### Data extract ###

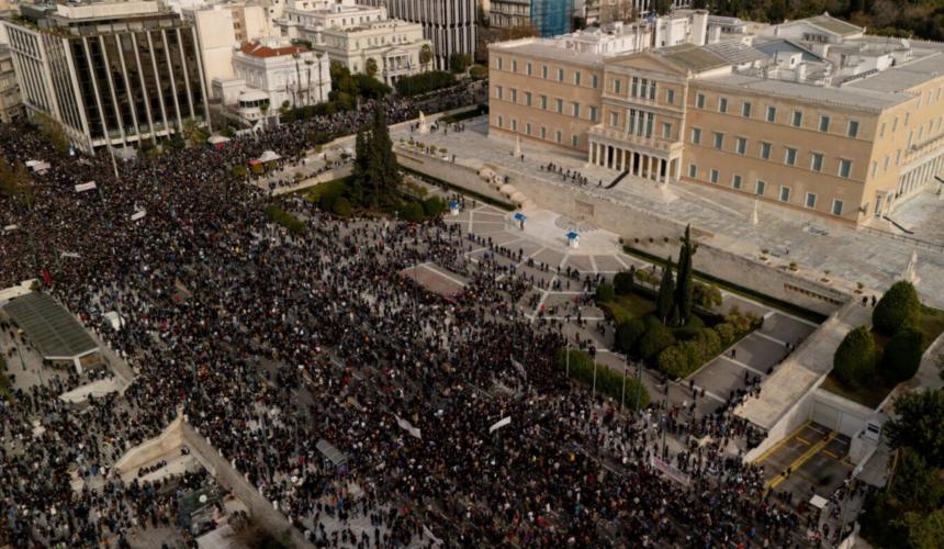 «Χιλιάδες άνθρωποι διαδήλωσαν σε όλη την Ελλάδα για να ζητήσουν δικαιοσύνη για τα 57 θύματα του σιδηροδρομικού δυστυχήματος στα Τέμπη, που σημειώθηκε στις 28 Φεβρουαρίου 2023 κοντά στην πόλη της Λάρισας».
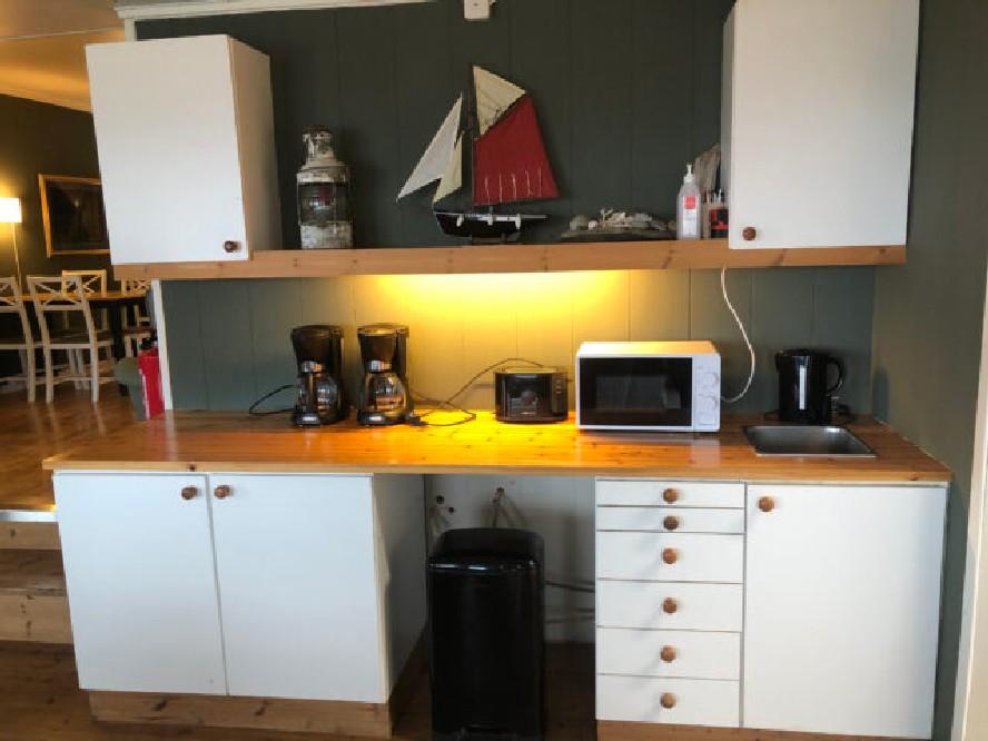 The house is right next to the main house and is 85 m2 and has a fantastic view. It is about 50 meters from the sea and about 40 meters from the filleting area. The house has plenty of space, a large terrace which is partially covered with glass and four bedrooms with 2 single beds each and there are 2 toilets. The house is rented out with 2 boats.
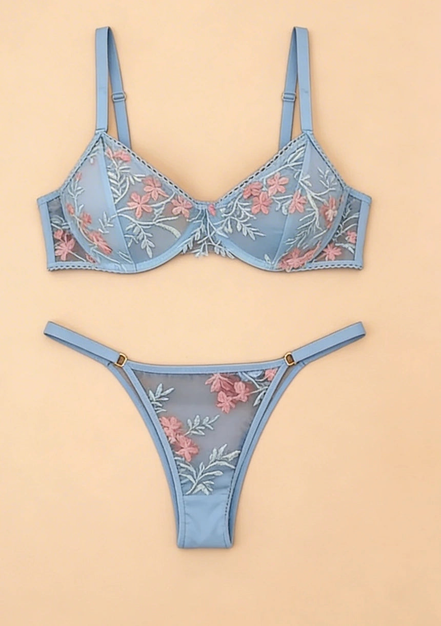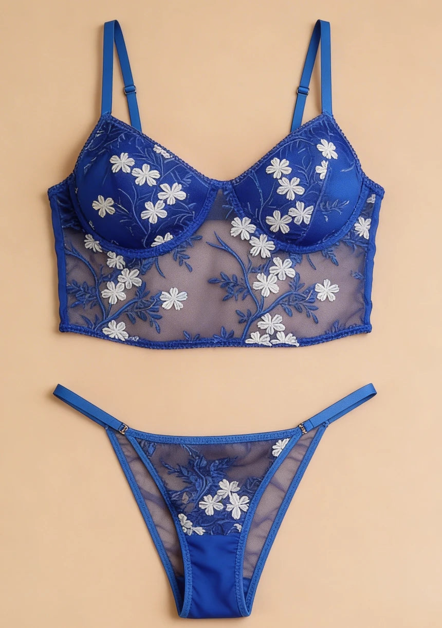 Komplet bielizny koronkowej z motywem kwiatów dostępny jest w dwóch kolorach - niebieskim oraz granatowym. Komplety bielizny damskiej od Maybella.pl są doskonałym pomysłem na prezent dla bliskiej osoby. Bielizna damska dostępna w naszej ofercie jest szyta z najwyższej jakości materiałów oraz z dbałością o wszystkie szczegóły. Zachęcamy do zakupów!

###

Work order
From the line that contains "The house is right" down to the last line of the material above, every line must be repeated exactly, with pictures removed and both end lines included.

Exercise output
 The house is right next to the main house and is 85 m2 and has a fantastic view. It is about 50 meters from the sea and about 40 meters from the filleting area. The house has plenty of space, a large terrace which is partially covered with glass and four bedrooms with 2 single beds each and there are 2 toilets. The house is rented out with 2 boats.
 Komplet bielizny koronkowej z motywem kwiatów dostępny jest w dwóch kolorach - niebieskim oraz granatowym. Komplety bielizny damskiej od Maybella.pl są doskonałym pomysłem na prezent dla bliskiej osoby. Bielizna damska dostępna w naszej ofercie jest szyta z najwyższej jakości materiałów oraz z dbałością o wszystkie szczegóły. Zachęcamy do zakupów!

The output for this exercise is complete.